At first, I briefly considered learning how to scrape the text of the diary off the website. After some investigation, I decided that was a little beyond my abilities, so I copped out to the much easier route of sending an email to Kelly Schrum at CHNM, who kindly forwarded my request to Ammon Shepherd, who emailed me a zip file containing 1,431 html documents, one for each page of the diary. The html files of the transcribed diary are a basic, 3-column table that look this. My first step was to find a way to strip out the html tags and organize the text into a systematic database of individual entries. Fortunately, Ballard’s meticulousness and consistency lent itself well to such an approach.
The diary’s format translates quite nicely into creating a list of lists – the “main” diary being a list of all the entries, and each entry being a list in and of itself. The first program we wrote was to open each html file and begin extracting the different sections of text (which were conveniently marked by html tags). Iterating through each entry allowed us to separate the different columns in her diary into different items in the list. Here is the breakdown of our “list of lists”:
- Day of the Week
- Main Text of Entry
- Day Summaries (Column 3 of actual diary entry)

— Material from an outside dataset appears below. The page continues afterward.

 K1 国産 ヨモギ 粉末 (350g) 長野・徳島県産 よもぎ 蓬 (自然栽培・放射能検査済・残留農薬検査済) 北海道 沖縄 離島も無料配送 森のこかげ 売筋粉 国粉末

- Birth(s) (Recorded in Column 1 of actual diary entry)
In creating the list, we had to separate out the raw data from the html tags that formatted it. Fortunately, the folks who built the html files originally used an extremely systematic formatting process that actually made the job of distilling one from the other quite straightforward. A Python module called Pickle allowed us to export the list of entries as a manageable single file that we could then easily import into future programs to manipulate.

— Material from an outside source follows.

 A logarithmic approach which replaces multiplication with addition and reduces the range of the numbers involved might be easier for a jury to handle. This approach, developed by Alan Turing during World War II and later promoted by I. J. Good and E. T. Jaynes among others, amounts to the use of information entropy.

For example, the third entry in the diary would translate a bit into something like this:
- Entry (3)
- 1 (January)
- 1 (January)
- 3 (Tuesday – Ballard numbered the weekdays, beginning with Sunday as 1)

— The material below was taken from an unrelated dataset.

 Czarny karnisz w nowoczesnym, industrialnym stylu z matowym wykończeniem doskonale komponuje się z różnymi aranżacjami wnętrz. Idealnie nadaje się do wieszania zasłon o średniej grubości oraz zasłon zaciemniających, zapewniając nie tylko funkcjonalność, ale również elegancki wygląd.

- “Tuesday. mrs. Foster went home. I had threats of thee Collic; by takein peper found releif.”
- Entry (3)
The list allows us to access pieces of information by “calling” their position. It helped me to think of the entire diary list as a warehouse containing almost 10,000 boxes (entries) inside it, with each box containing five compartments, with the first of those compartments divided into three sub-compartments. If you were to open any of the boxes (entries) and look inside the first compartment, then inside sub-compartment number two, you would always find a number that represented the month of that particular entry. If you were to look inside the third compartment of the entry/box, you would always find the main text for that day’s entry.
The advantages of setting up the data in a list structure is the ability to access these specific pieces of information easily and to compare them across entries. In many ways, processing the text to make it readable and programmable is one of the biggest challenges to text mining. Deciding on the most logical way to organize and break down over 1,400 files will lay the groundwork for the fun part: writing programs to actually analyze the diary of Martha Ballard.
***Special-edition sneak preview of future posts in this series***
A simple counting program reveals that the main text of Martha Ballard’s diary alone contains 377,315 words, spanning I-couldn’t-make-this-number-up 9,999 entries. That is a lot of data to play with.